Use JS to analyze and work with data in a high-performance
spreadsheet built on Rust and WASM. Quadratic also supports SQL,
Python, and formulas. The goal with Quadratic is to build a
modern, high-performance, source-available spreadsheet for
everyone. From technical developers to users who have never written
code. Sharing our JS launch with everyone today to see what you
build in Quadratic.
Author : Manchego79
Score : 102 points
Date : 2024-09-27 15:24 UTC (1 days ago)
(HTM) web link (www.quadratichq.com)
(TXT) w3m dump (www.quadratichq.com)
| dest wrote:
| Interesting product. We would use that as a backoffice that would
| be self hosted, fetching from and pushing to backend APIs. Is
| that use case on your roadmap?
|
| Basically an alternative to Google sheet with JS macros in it.
| Gsheet is no good for us because we have data protection
| requirements.
| Manchego79 wrote:
| Yep, we're currently rolling out pilots for self-hosting. If
| you're interested, feel free to reach out via the contact page
| on our website.
| trog wrote:
| You can run JS in Excel now too though, I believe?

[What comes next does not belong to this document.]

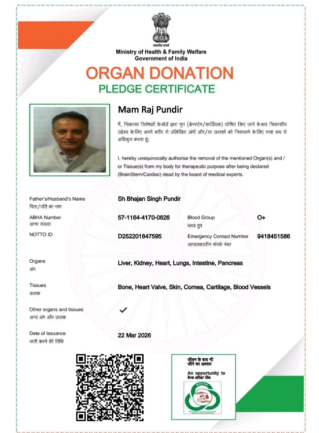 डॉ. पुंडीर ने अपने संदेश में प्रदेशवासियों से भी अंगदान के लिए आगे आने का आग्रह किया। उन्होंने कहा कि अंगदान एक ऐसा महादान है, जिससे हम किसी जरूरतमंद व्यक्ति को नया जीवन दे सकते हैं। उन्होंने बताया कि एक व्यक्ति के अंगदान से आठ लोगों की जान बचाई जा सकती है, इसलिए यह हर व्यक्ति की सामाजिक जिम्मेदारी बनती है कि वह इस दिशा में सकारात्मक कदम उठाए।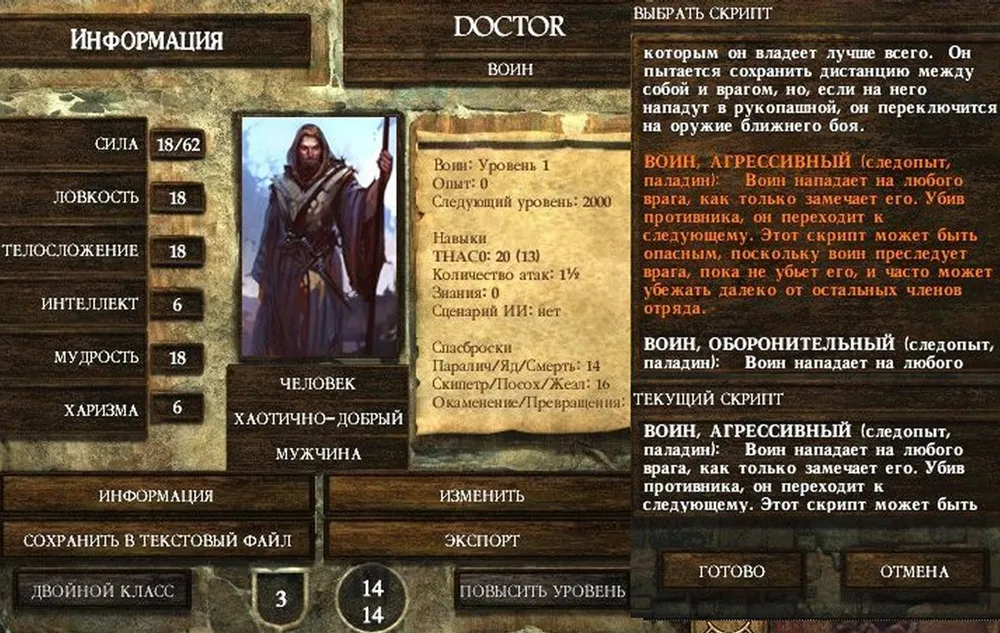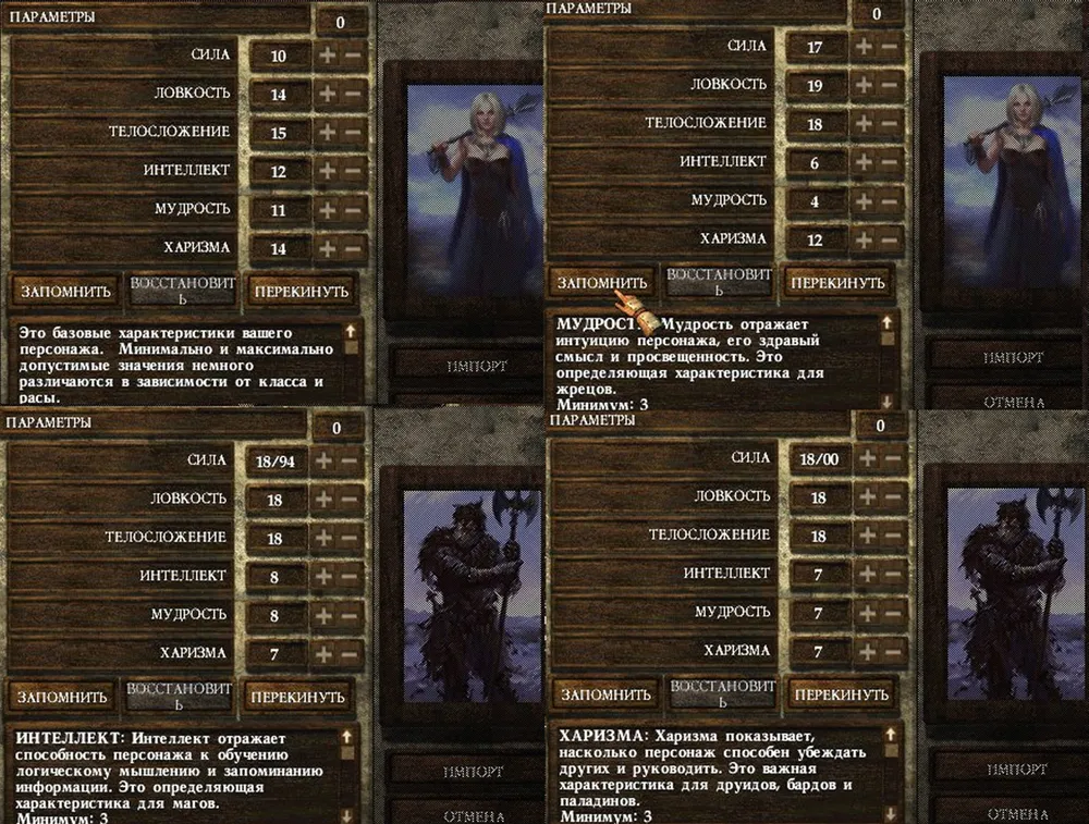 Вот мы и подобрались едва ли не к самому важному: к созданию характеристик. Никаких повышений ловкости, силы и прочего в процессе игры не будет, всё нужно создавать сразу и сейчас. Увы - генератор случайных чисел так и норовит подсунуть меньшую сумму очков; ура – их можно менять сколь угодно долго. Хотите создать супергероя? Ни одно из предложенных системой шести чисел не должно быть ниже или равно двенадцати. Кстати, ещё одно преимущество дуал-класса: воинский бонус к силе. Идеальный вариант силы: 18.00. Почему? Если вашему герою с силой 18.60 попадётся предмет экипировки с бонусом к этой характеристике, то его сила станет 18.80. При силе 18.00 предмет сразу повысит её до 19 – ого!

| https://learn.microsoft.com/en-us/office/dev/add-ins/referen...
| cloudking wrote:
| How does your product differentiate from Google Apps Script? I
| see you can execute JS within a cell, but why is that a better UX
| than keeping the code separated like Apps Script does?
| Manchego79 wrote:
| Quadratic is built for doing analytics, and a native JavaScript
| experience where you're in the weeds with the data just felt
| better. We wanted JavaScript to be a first-class citizen in the
| spreadsheet, as formulas are treated first-class in most
| spreadsheets.
|
| When they're separated, the experience feels bolted on (to us).
| Being native means supporting existing libraries like Fetch for
| APIs, chart.js for charts, brain.js for ML, etc., not to
| mention performance!
| Onavo wrote:
| Note that they have a GitHub but they are not open source.
| Manchego79 wrote:
| Correct, our license is Source Available to be as open as
| possible while reserving commercial rights, which we believe
| will ultimately enable us to build the best product for users.
| victor106 wrote:
| What does "Source Available" mean exactly?
|
| Does it mean all our source code is on Github but you cannot
| use it to host your own instance for commercial purposes but
| okay for personal projects?
| dest wrote:
| More probably code available on demand but without any
| license attached
| sahmeepee wrote:
| Datat visualizations?
| Manchego79 wrote:
| For visualizations, we support Chart.js. You can also use our
| built-in AI to help write the code.
| sahmeepee wrote:
| I'm referring to the typo in your very first heading, unless
| datat visualisations is a term I don't know.
| Manchego79 wrote:
| Thanks for the heads-up on that.
| fshafique wrote:
| It's like taking the data-science notebook model (eg. Jupyter
| Notebook) and using spreadsheets instead.
| freshlentils wrote:
| yeah - seems like in enterprises ppl still want spreadsheets,
| but more and more people also want code, spreadsheets + code
| fermuch wrote:
| I've tried to use `fetch()` and it works. How did you handle that
| from WASM? Or is it cached?
| mpweiher wrote:
| See _The Analytic Spreadsheet_ from 1986.
|
| https://dl.acm.org/doi/abs/10.1145/28697.28737
| pmarreck wrote:
| That's a neat idea. How did you lock down security?
| Manchego79 wrote:
| Is there anything specifically about security you're curious
| about?
|
| We're also offering a self-hosted version you can deploy on
| your own cloud, env., or Docker container.
| pmarreck wrote:
| I guess, since all the JS runs locally, you don't have to
| worry as much about things like privilege escalation?
| mattlondon wrote:
| Genuine question: How is this different from Google sheets? I
| don't see much here that I've not already been doing for years in
| Google sheets (except native python I guess - JS, SQL, fetch()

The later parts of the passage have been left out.